Hello~. 2019/12/23 It's before Christmas. Today I would like to touch on the Scatter matrix.
scatter matrix ・ ・ ・ A diagram used to roughly see what kind of correlation each data has.
API
pandas.plotting.scatter_matrix(frame, alpha=0.5, figsize=None, ax=None, grid=False, diagonal='hist', marker='.', density_kwds=None, hist_kwds=None, range_padding=0.05, **kwds) Official documentation
Quoted from Machine learning starting with Python.
sample.py
import pandas as pd
import matplotlib.pyplot as plt
from sklearn.datasets import load_iris
from sklearn.model_selection import train_test_split
import mglearn
iris = load_iris()
X_train, X_test, y_train, y_test = train_test_split(
iris['data'], iris['target'], random_state=0
)
fig, ax = plt.subplots()
iris_dataframe = pd.DataFrame(X_train, columns=iris.feature_names)

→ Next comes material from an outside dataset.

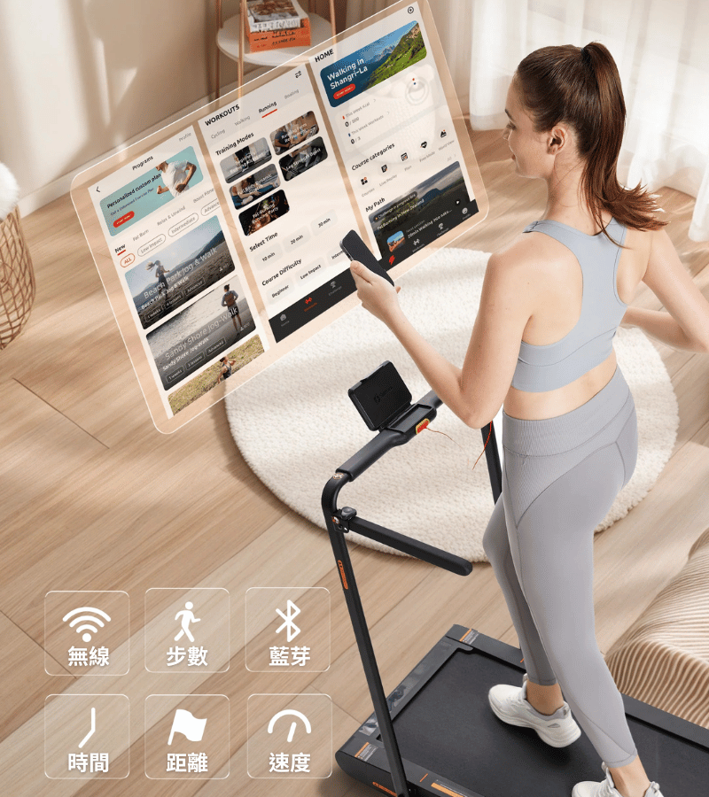 A: 是的,支援配合官方 App 連線,可同步記錄速度、時間、距離等運動數據,方便追蹤進度。
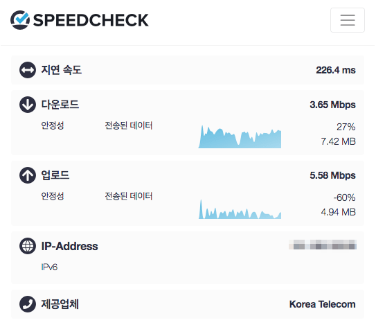 | Subject | 인터넷 속도가 느린거 같습니다. |

grr = pd.scatter_matrix(iris_dataframe, c=y_train, figsize=(15, 15),
ax=ax, marker='o', hist_kwds ={'bins': 20}, s = 60,
alpha=0.8, cmap=mglearn.cm3)
plt.show()
beautiful. To briefly explain, it is basically a matrix of graphs, and the combination of x and y depends on the elements of the matrix. Individual histograms (bin: 20) are drawn diagonally.
scatter_matcix is a function for plotting the combinations of features that can be combined for all variables. However, note that this method may not allow you to see interesting aspects of the data because you cannot see all the features at the same time.
For the time being, it may be the best way to inspect the data.